WHAT THE EXERCISE ASKS
Begin at the line below that has "年末全县共有9个镇,101个". Stop after the line that has "Nagyszeben, Hermannstadt, Sibiu;", repeating each line exactly and leaving out the pictures.

====== PROVIDED DATA

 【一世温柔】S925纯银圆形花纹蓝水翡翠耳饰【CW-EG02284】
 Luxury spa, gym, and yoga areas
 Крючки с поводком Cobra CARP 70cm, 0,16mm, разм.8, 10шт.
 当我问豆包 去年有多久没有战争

============
====== PROVIDED DATA

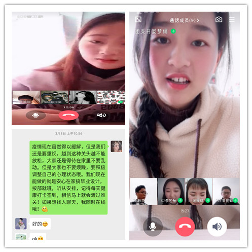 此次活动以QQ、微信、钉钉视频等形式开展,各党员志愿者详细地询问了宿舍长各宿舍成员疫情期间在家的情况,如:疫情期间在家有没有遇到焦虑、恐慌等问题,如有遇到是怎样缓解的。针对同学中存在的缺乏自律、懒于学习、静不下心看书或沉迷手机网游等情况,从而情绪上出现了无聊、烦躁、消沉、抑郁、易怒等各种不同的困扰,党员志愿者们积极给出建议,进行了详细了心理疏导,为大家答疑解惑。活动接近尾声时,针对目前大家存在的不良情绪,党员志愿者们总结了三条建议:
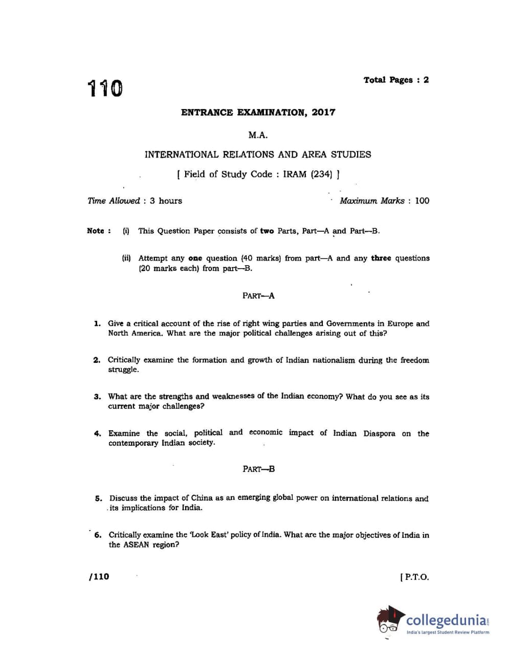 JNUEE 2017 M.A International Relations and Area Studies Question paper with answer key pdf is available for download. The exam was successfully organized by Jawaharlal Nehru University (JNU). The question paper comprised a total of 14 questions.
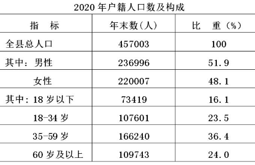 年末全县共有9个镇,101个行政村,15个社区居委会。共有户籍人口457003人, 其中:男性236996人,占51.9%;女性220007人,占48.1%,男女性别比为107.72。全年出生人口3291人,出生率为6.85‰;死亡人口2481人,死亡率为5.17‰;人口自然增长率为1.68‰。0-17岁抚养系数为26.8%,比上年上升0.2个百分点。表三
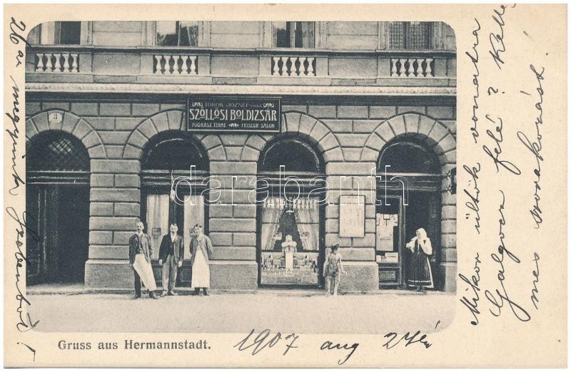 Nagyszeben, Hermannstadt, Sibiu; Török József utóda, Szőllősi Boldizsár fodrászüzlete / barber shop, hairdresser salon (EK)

============

ANSWER TO THE EXERCISE
 年末全县共有9个镇,101个行政村,15个社区居委会。共有户籍人口457003人, 其中:男性236996人,占51.9%;女性220007人,占48.1%,男女性别比为107.72。全年出生人口3291人,出生率为6.85‰;死亡人口2481人,死亡率为5.17‰;人口自然增长率为1.68‰。0-17岁抚养系数为26.8%,比上年上升0.2个百分点。表三
 Nagyszeben, Hermannstadt, Sibiu; Török József utóda, Szőllősi Boldizsár fodrászüzlete / barber shop, hairdresser salon (EK)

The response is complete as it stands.